Harta hibahan yang diterima oleh keluarga sedarah dalam garis keturunan lurus satu derajat, dan oleh badan keagamaan atau badan pendidikan atau badan sosial atau pengusaha kecil termasuk koperasi yang ditetapkan oleh Menteri Keuangan, epanjang tidak ada hubungan dengan usaha, pekerjaan, kepemilikan, atau penguasaan antara pihak- pihak ybs;
b. Warisan;
c. Harta termasuk setoran tunai yang diterima oleh badan sebagai pengganti saham atau sebagai pengganti penyertaan modal;
d. Penggantian atau imbalan sehubungan dengan pekerjaan atau jasa yang diterima atau diperoleh dalam bentuk natura dan atau kenikmatan dari Wajib Pajak atau Pemerintah;
e. Pembayaran dari perusahaan asuransi kepada orang pribadi sehubungan dengan asuransi kesehatan, asuransi kecelakaan, asuransi jiwa, asuransi dwiguna dan asuransi beasiswa;
f. Dividen atau bagian laba yang diterima atau diperoleh perseroan terbatas sebagai WP Dalam Negeri, koperasi, BUMN atau BUMD dari penyertaan modal pada badan usaha yang didirikan dan bertempat kedudukan di Indonesia dengan syarat:
- dividen berasal dari cadangan laba yang ditahan; dan
- bagi perseroan terbatas, BUMN dan BUMD yang menerima dividen, kepemilikan saham pada badan yang memberikan dividen paling rendah 25% (dua puluh lima persen) dari jumlah modal yang disetor dan harus mempunyai usaha aktif di luar kepemilikan saham tersebut;
g. Iuran yang diterima atau diperoleh dana pensiun yang pendiriannya telah disahkan oleh Menteri Keuangan , baik yang dibayar oleh pemberi kerja maupun pegawai;
h. Penghasilan dari modal yang ditanamkan oleh dana pensiun dalam bidang- bidang tertentu yang ditetapkan dengan Keputusan Menteri Keuangan;
i. Bagian laba yang diterima atau diperoleh anggota dari perseroan komanditer yang modalnya tidak terbagi atas saham-saham, persekutuan, perkumpulan, firma dan kongsi;
j. Bunga obligasi yang diterima atau diperoleh perusahaan reksa dana selama 5 (lima) tahun pertama sejak pendirian perusahaan atau pemberian izin usaha;
k. Penghasilan yang diterima atau diperoleh perusahaan modal ventura.
Tarif Pajak Penghasilan.
Pajak progresif adalah tarif pemungutan pajak dengan persentase yang naik dengan semakin besarnya jumlah yang digunakan sebagai dasar pengenaan pajak, dan kenaikan persentase untuk setiap jumlah tertentu setiap kali naik.

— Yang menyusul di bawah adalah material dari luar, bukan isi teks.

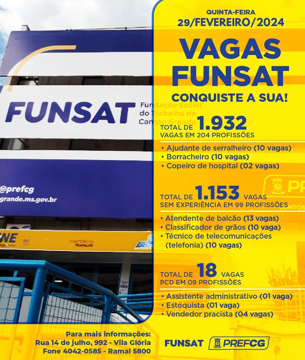 A Fundação Social do Trabalho (Funsat) oferece 1.932 vagas de emprego nesta quinta-feira (29). As contratações são para 204 profissões, em 269 empresas de Campo Grande. Conforme a Funsat, são 173 vagas para auxiliar de linha de produção, 51 vagas para repositor de mercadorias, 20 vagas para manobrista, 19 vagas para ajudante de eletricista, 11 vagas para motorista de caminhão, 10 vagas para carpinteiro, entre outras.

Tarif Degresif (Menurun) adalah tarif pemungutan pajak yang persentasenya semakin kecil bila jumlah yang dijadikan dasar pengenaan pajak semakin besar.
Tarif Proporsional adalah tarif pajak yang menggunakan persentase tetap tanpa memperhatikan jumlah yang dijadikan dasar pengenaan pajak.
Tarif Tetap adalah tarif pemungutan pajak yang besar nominalnya tetap tanpa memperhatikan jumlah yang dijadikan dasar pengenaan pajak.
Tarif Pajak Setelah Tahun 2009
Untuk Tahun 2009, berlaku efektif sejak 1 Januari 2009 wajib Pajak Badan dikenakan Tarif tunggal sebesar 30% yang kemudian diturunkan menjadi 28%, dan nantinya akan menjadi 25% pada tahun 2010. Untuk WP Badan Masuk Bursa diberikan tarif 5% lebih rendah dari tarif yang berlaku.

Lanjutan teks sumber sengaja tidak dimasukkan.